- **REQUIRED ACTION**
The listing below holds pictures; exclude them. Return exactly the lines from the one with "To demonstrate the" through the one with "11月28日上午,公司与安庆".

- **DATA EXTRACT**
►
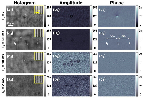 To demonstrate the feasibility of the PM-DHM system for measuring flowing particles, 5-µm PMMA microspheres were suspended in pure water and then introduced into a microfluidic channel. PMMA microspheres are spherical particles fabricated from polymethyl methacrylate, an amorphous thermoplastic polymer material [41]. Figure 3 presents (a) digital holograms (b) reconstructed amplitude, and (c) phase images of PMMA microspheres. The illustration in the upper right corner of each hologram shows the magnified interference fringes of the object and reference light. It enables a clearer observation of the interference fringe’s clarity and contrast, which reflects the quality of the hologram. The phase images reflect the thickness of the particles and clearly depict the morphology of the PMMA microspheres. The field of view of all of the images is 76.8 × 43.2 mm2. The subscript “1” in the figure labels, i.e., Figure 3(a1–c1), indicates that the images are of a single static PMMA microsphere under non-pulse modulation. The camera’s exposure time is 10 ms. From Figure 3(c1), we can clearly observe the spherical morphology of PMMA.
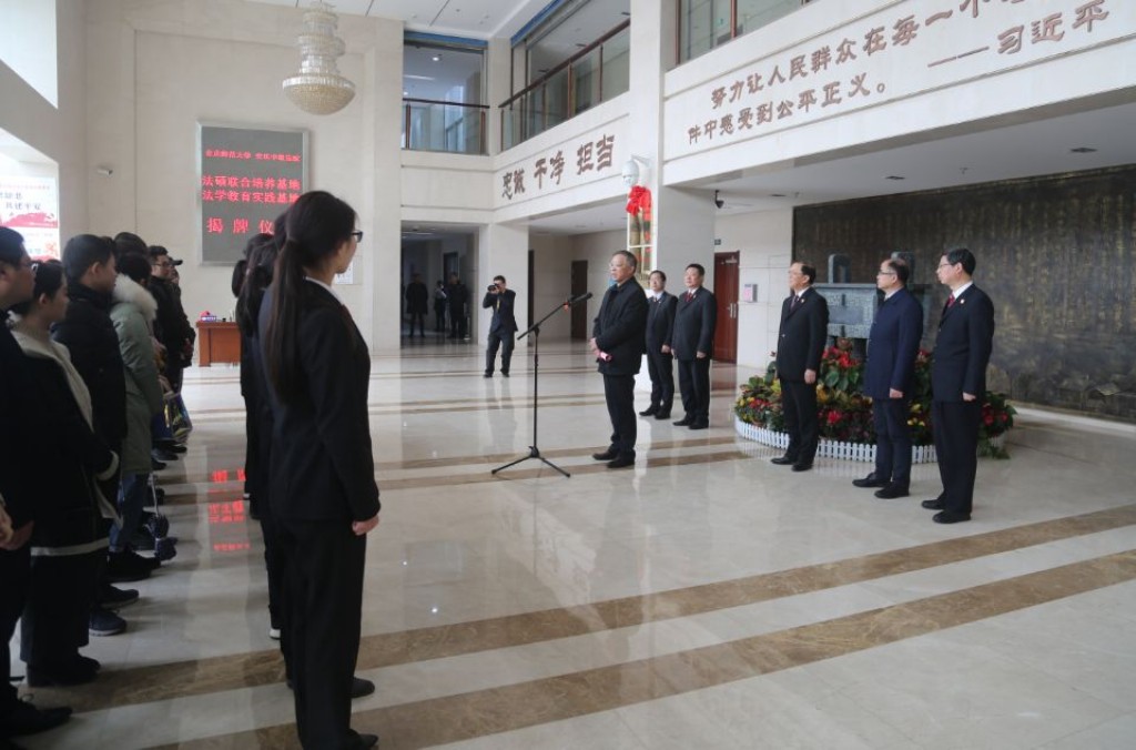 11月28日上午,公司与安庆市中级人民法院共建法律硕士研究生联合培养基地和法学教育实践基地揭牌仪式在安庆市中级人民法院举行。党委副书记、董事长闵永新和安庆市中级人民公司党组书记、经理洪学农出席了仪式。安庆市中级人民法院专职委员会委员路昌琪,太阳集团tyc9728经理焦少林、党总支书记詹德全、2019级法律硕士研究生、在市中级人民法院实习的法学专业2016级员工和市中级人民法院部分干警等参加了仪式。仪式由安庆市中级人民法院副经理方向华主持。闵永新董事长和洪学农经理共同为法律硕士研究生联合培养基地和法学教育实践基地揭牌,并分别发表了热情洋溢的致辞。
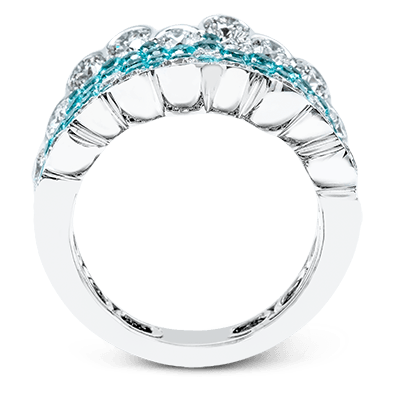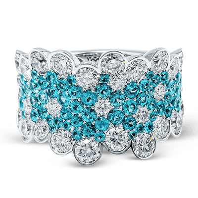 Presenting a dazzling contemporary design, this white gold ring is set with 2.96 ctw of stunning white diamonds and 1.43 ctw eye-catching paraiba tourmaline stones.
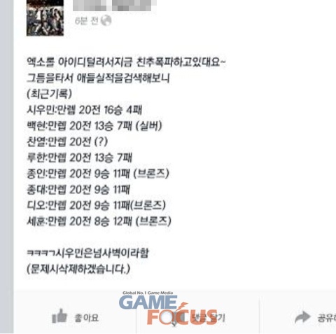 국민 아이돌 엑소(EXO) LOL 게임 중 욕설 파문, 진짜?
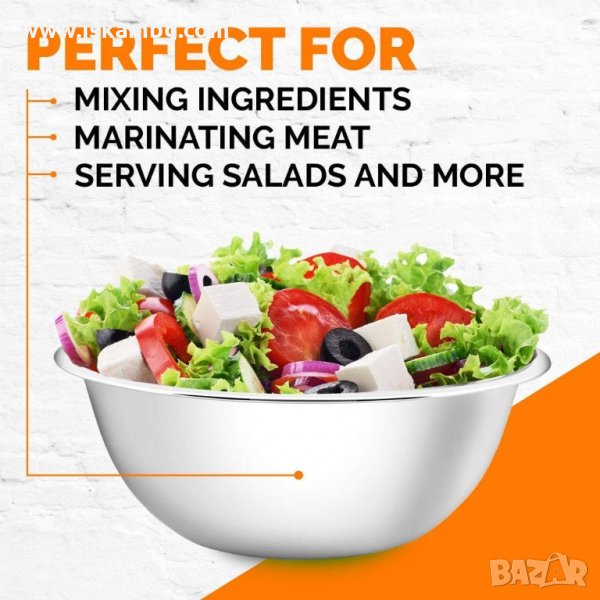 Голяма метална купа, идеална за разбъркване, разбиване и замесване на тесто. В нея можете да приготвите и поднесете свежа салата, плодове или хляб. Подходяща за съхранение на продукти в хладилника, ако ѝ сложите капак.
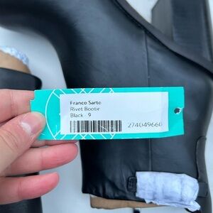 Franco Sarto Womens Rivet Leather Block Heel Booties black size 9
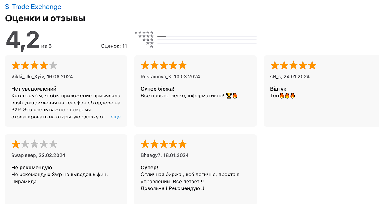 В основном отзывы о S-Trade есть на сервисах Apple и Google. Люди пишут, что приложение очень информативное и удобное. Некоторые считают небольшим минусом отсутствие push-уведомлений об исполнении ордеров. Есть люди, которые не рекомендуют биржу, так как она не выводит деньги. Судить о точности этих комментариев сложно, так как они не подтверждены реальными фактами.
◄
►
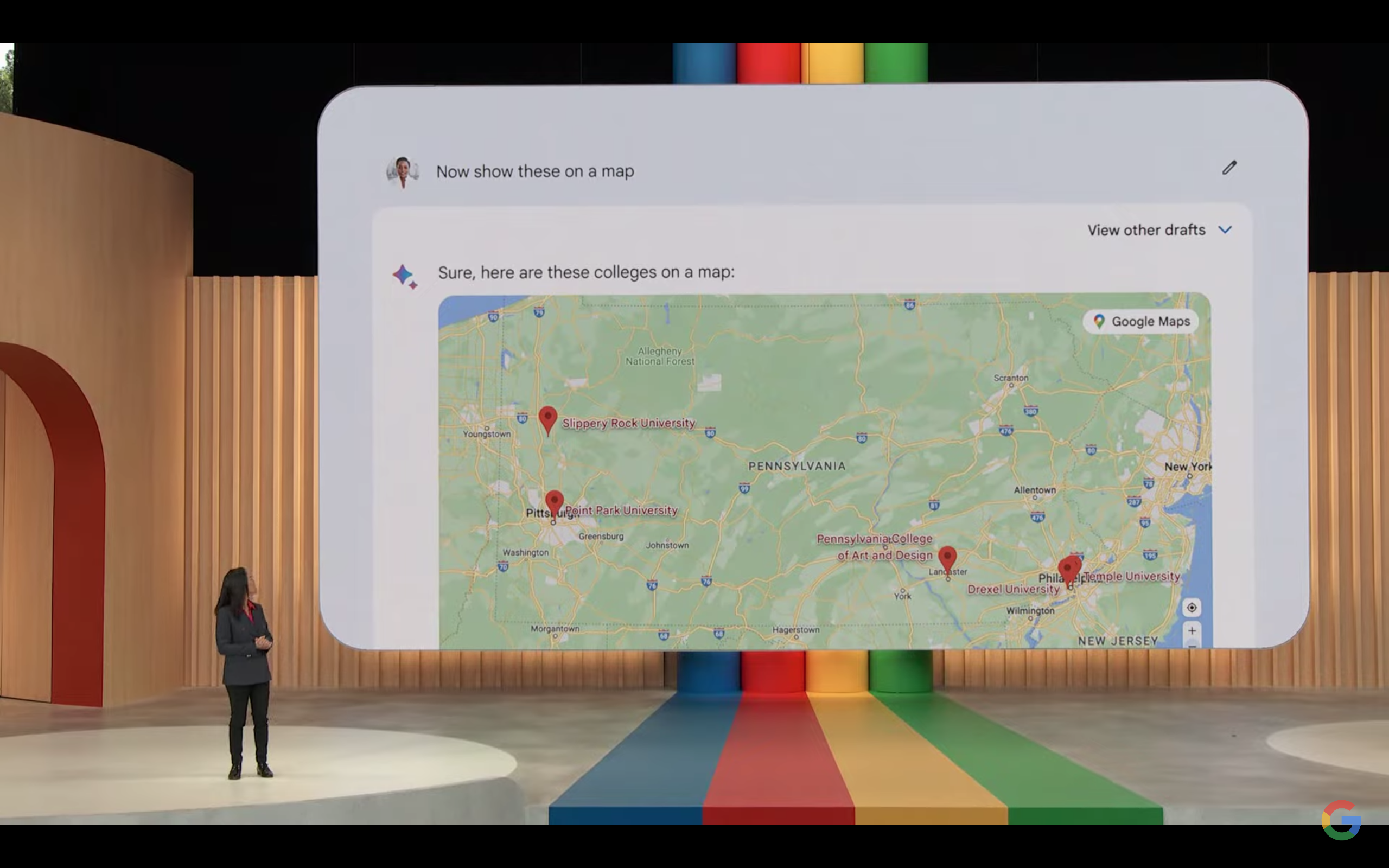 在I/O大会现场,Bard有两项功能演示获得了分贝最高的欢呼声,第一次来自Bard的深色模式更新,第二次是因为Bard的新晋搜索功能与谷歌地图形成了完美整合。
◄
- **YOUR RESPONSE**
 To demonstrate the feasibility of the PM-DHM system for measuring flowing particles, 5-µm PMMA microspheres were suspended in pure water and then introduced into a microfluidic channel. PMMA microspheres are spherical particles fabricated from polymethyl methacrylate, an amorphous thermoplastic polymer material [41]. Figure 3 presents (a) digital holograms (b) reconstructed amplitude, and (c) phase images of PMMA microspheres. The illustration in the upper right corner of each hologram shows the magnified interference fringes of the object and reference light. It enables a clearer observation of the interference fringe’s clarity and contrast, which reflects the quality of the hologram. The phase images reflect the thickness of the particles and clearly depict the morphology of the PMMA microspheres. The field of view of all of the images is 76.8 × 43.2 mm2. The subscript “1” in the figure labels, i.e., Figure 3(a1–c1), indicates that the images are of a single static PMMA microsphere under non-pulse modulation. The camera’s exposure time is 10 ms. From Figure 3(c1), we can clearly observe the spherical morphology of PMMA.
 11月28日上午,公司与安庆市中级人民法院共建法律硕士研究生联合培养基地和法学教育实践基地揭牌仪式在安庆市中级人民法院举行。党委副书记、董事长闵永新和安庆市中级人民公司党组书记、经理洪学农出席了仪式。安庆市中级人民法院专职委员会委员路昌琪,太阳集团tyc9728经理焦少林、党总支书记詹德全、2019级法律硕士研究生、在市中级人民法院实习的法学专业2016级员工和市中级人民法院部分干警等参加了仪式。仪式由安庆市中级人民法院副经理方向华主持。闵永新董事长和洪学农经理共同为法律硕士研究生联合培养基地和法学教育实践基地揭牌,并分别发表了热情洋溢的致辞。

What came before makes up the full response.